Configuration file will be modified as follows:
#Performance optimization settings
echo "index.number_of_replicas: 1" >> ${ES_CONFIG_PATH}/elasticsearch.yml
echo "index.number_of_shards: 3" >> ${ES_CONFIG_PATH}/elasticsearch.yml
#echo "discovery.zen.ping.multicast.enabled: false" >> ${ES_CONFIG_PATH}/elasticsearch.yml
#echo "bootstrap.mlockall: true" >> ${ES_CONFIG_PATH}/elasticsearch.yml
#echo "indices.memory.index_buffer_size: 50%" >> ${ES_CONFIG_PATH}/elasticsearch.yml
#publish host as container host address
#echo "network.publish_host: ${CONTAINER_HOST_ADDRESS}" >> ${ES_CONFIG_PATH}/elasticsearch.yml
#echo "network.bind_host: ${CONTAINER_HOST_ADDRESS}" >> ${ES_CONFIG_PATH}/elasticsearch.yml
#echo "network.publish_host: ${CONTAINER_PRIVATE_IP}" >> ${ES_CONFIG_PATH}/elasticsearch.yml
#echo "network.bind_host: ${CONTAINER_PRIVATE_IP}" >> ${ES_CONFIG_PATH}/elasticsearch.yml
#echo "network.host: ${CONTAINER_HOST_ADDRESS}" >> ${ES_CONFIG_PATH}/elasticsearch.yml
echo "network.host: 0.0.0.0" >> ${ES_CONFIG_PATH}/elasticsearch.yml
#echo "htpp.port: 9200" >> ${ES_CONFIG_PATH}/elasticsearch.yml
#echo "transport.tcp.port: 9300-9400" >> ${ES_CONFIG_PATH}/elasticsearch.yml
#configure elasticsearch.yml for clustering
echo 'discovery.zen.ping.unicast.hosts: [ELASTICSEARCH_IPS] ' >> ${ES_CONFIG_PATH}/elasticsearch.yml
echo "discovery.zen.minimum_master_nodes: 1" >> ${ES_CONFIG_PATH}/elasticsearch.yml
ELASTICSEARCH_IPS
is array of IPs of other nodes, which is obtained by all nodes running a script called query-crs-es.sh
. Eventually Array will have IPs of other two nodes of cluster. Please note they will be node's IP, not container private IPs.

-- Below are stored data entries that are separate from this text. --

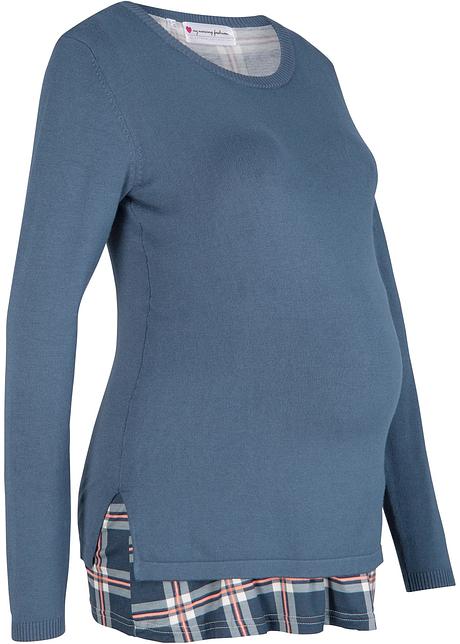 Maglione prémaman e da allattamento Indaco / grigio a quadri maglioni allattamento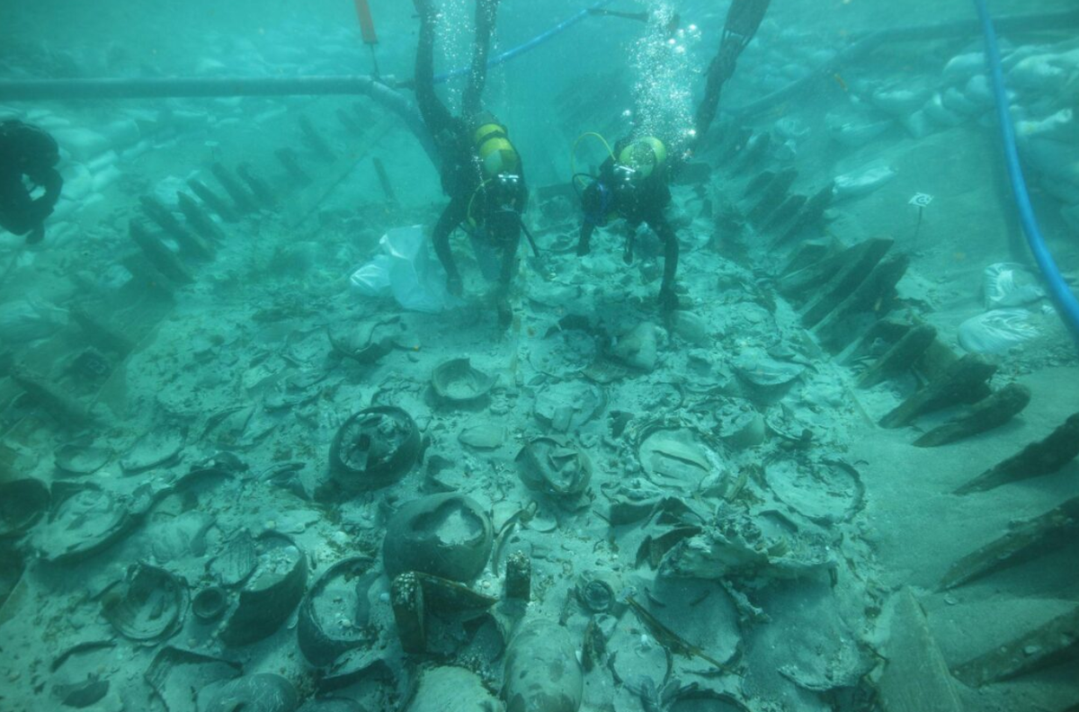 Các chuyên gia khảo cổ xác nhận rằng, con tàu này dài 12 mét, chứa hàng trăm chiếc bình vò hai quai, có niên đại khoảng giữa thế kỷ thứ 4 Sau Công Nguyên. Ảnh: @Đại học Quần đảo Balearic.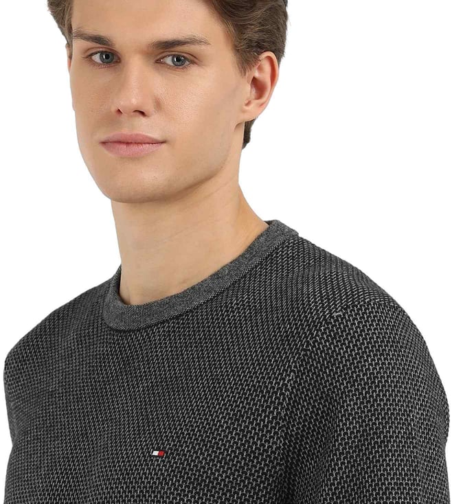 TOMMY HILFIGER Black & Multi Structured Regular Fit Pullover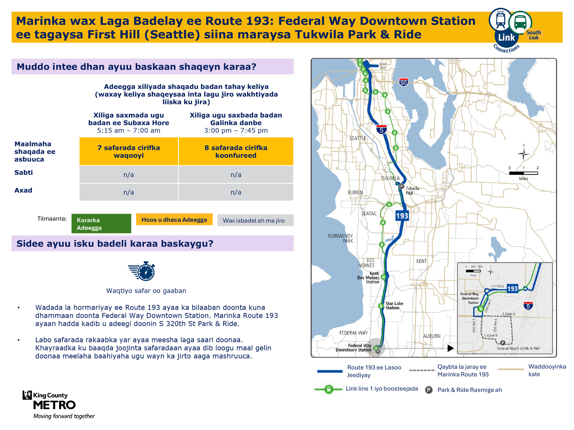 | 193 Waxay u adeegtaa Federal Way, Tukwila, Seattle |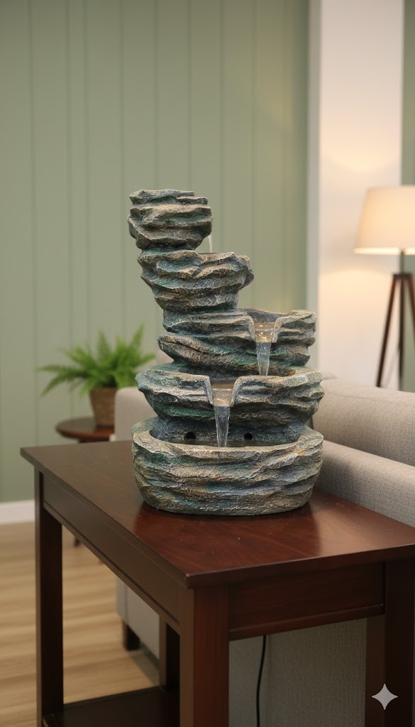 Multi-Tier Cascading Flow: Water flows gracefully through 5 distinct levels, creating a mesmerizing visual and a calming auditory experience.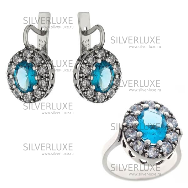 Комплект серебряный «Небеса» с голубыми камнями артикул: 8499
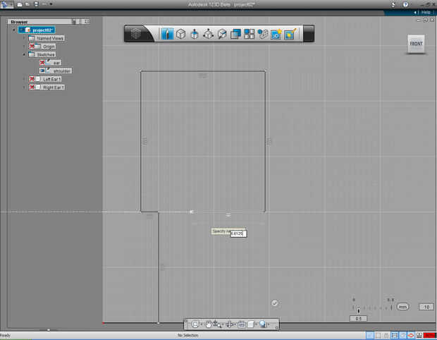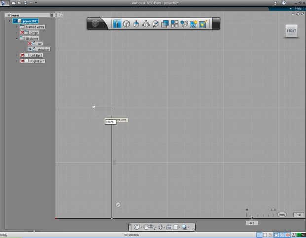10. dibuje una línea perpendicular a la línea anterior por sorteo el punto final a la izquierda y la cantidad de 1,5875 mm utilizando el teclado de entrada.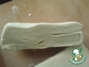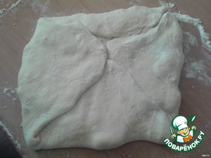Перед выпечкой наши заготовки раскатать в тонкие пышки, сложить в 4 раза и опять раскатать, присыпая мукой, т. е. опять прослоить (3-4 раза).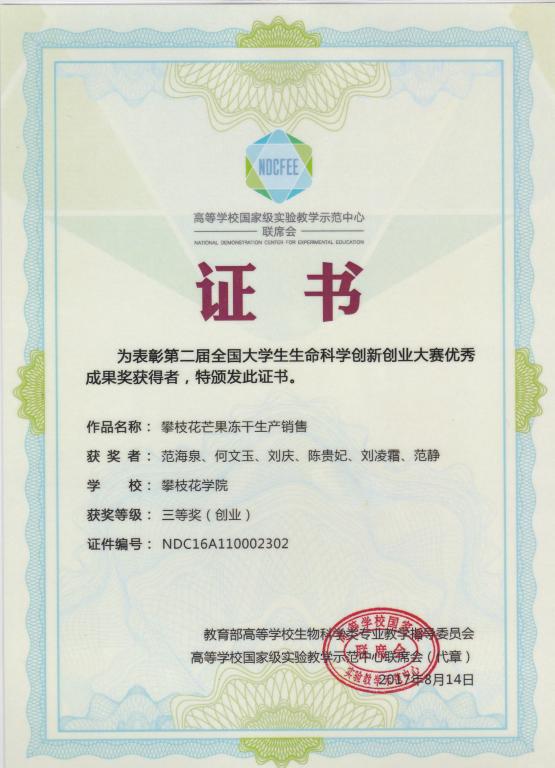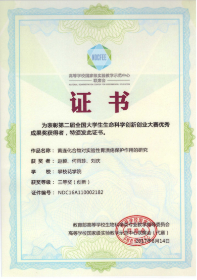 近日,由教育部高等学校生物科学类专业教学指导委员会、国家级实验教学示范中心联席会联合主办的第二届全国大学生生命科学创新创业大赛在兰州大学圆满落幕。我校学子参赛作品“黄连化合物对实验性胃溃疡保护作用的研究”和“攀枝花芒果冻干生产销售” 喜获三等奖。

When ever I try to run the container I use ansible
. During start up, all nodes get up but failed to form cluster. I consistently get these error
Node 1 starts withour any problem, gets elected as master, name is Dragon Lord.
Node2:
[2016-10-07 09:45:58,561][WARN ][bootstrap ] running as ROOT user. this is a bad idea!
[2016-10-07 09:45:58,729][INFO ][node ] [Defensor] version[2.4.0], pid[1], build[ce9f0c7/2016-08-29T09:14:17Z]
[2016-10-07 09:45:58,729][INFO ][node ] [Defensor] initializing ...
[2016-10-07 09:45:59,215][INFO ][plugins ] [Defensor] modules [reindex, lang-expression, lang-groovy], plugins [], sites []
[2016-10-07 09:45:59,237][INFO ][env ] [Defensor] using [1] data paths, mounts [[/data (/dev/mapper/platform-data)]], net usable_space [2.5tb], net total_space [2.5tb], spins? [possibly], types [xfs]
[2016-10-07 09:45:59,237][INFO ][env ] [Defensor] heap size [989.8mb], compressed ordinary object pointers [true]
[2016-10-07 09:45:59,266][WARN ][threadpool ] [Defensor] requested thread pool size [60] for [index] is too large; setting to maximum [32] instead
[2016-10-07 09:46:00,733][INFO ][node ] [Defensor] initialized
[2016-10-07 09:46:00,733][INFO ][node ] [Defensor] starting ...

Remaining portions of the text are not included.